YOUR ASSIGNMENT: Exact reproduction of the listing is required. Pictures are not reproduced.
--- DATA SECTION Enclosed Below ---
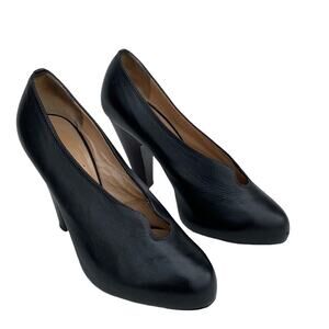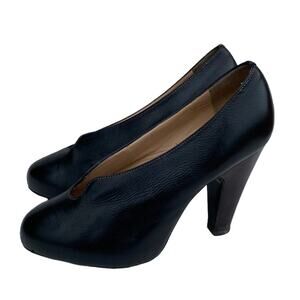 Giuseppe Zanotti Black Leather Pumps Cone Heel Almond Toe Made in Italy Size 37 US 7 Designer Career
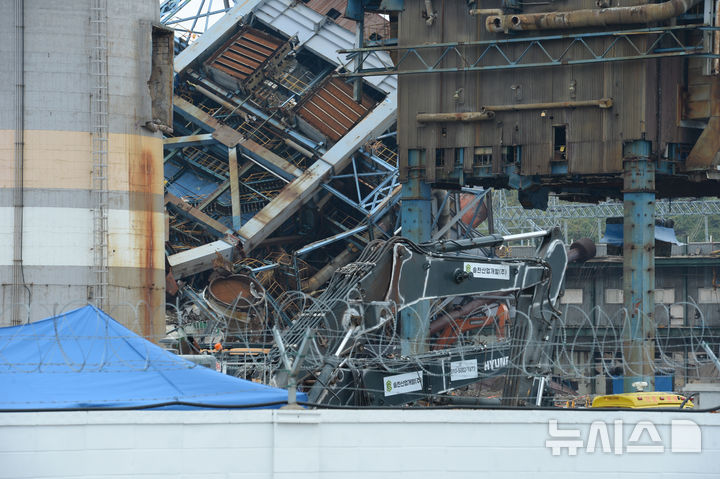 [울산=뉴시스] 배병수 기자 = 울산 남구 용잠동 한국동서발전 울산화력발전소 대형 구조물이 무너지는 사고 발생 나흘째인 9일 오전 소방대원과 관계자들이 매몰자 구조작업을 하고 있다[email protected].
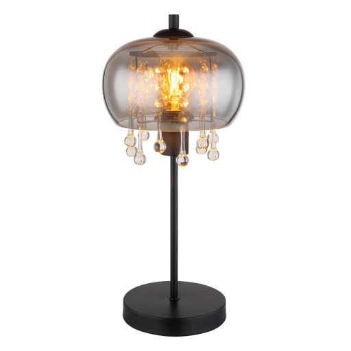 Matt fekete színű fém vázas asztali lámpa füstszínű üveg búrával, átlátszó, csepp alakban végződő üveg kristály dekorral, E27-es foglalattal, vezetékre szerelt kapcsolóval.
--- End of Enclosed DATA SECTION ---
WORKED SOLUTION:
 Giuseppe Zanotti Black Leather Pumps Cone Heel Almond Toe Made in Italy Size 37 US 7 Designer Career
 [울산=뉴시스] 배병수 기자 = 울산 남구 용잠동 한국동서발전 울산화력발전소 대형 구조물이 무너지는 사고 발생 나흘째인 9일 오전 소방대원과 관계자들이 매몰자 구조작업을 하고 있다[email protected].
 Matt fekete színű fém vázas asztali lámpa füstszínű üveg búrával, átlátszó, csepp alakban végződő üveg kristály dekorral, E27-es foglalattal, vezetékre szerelt kapcsolóval.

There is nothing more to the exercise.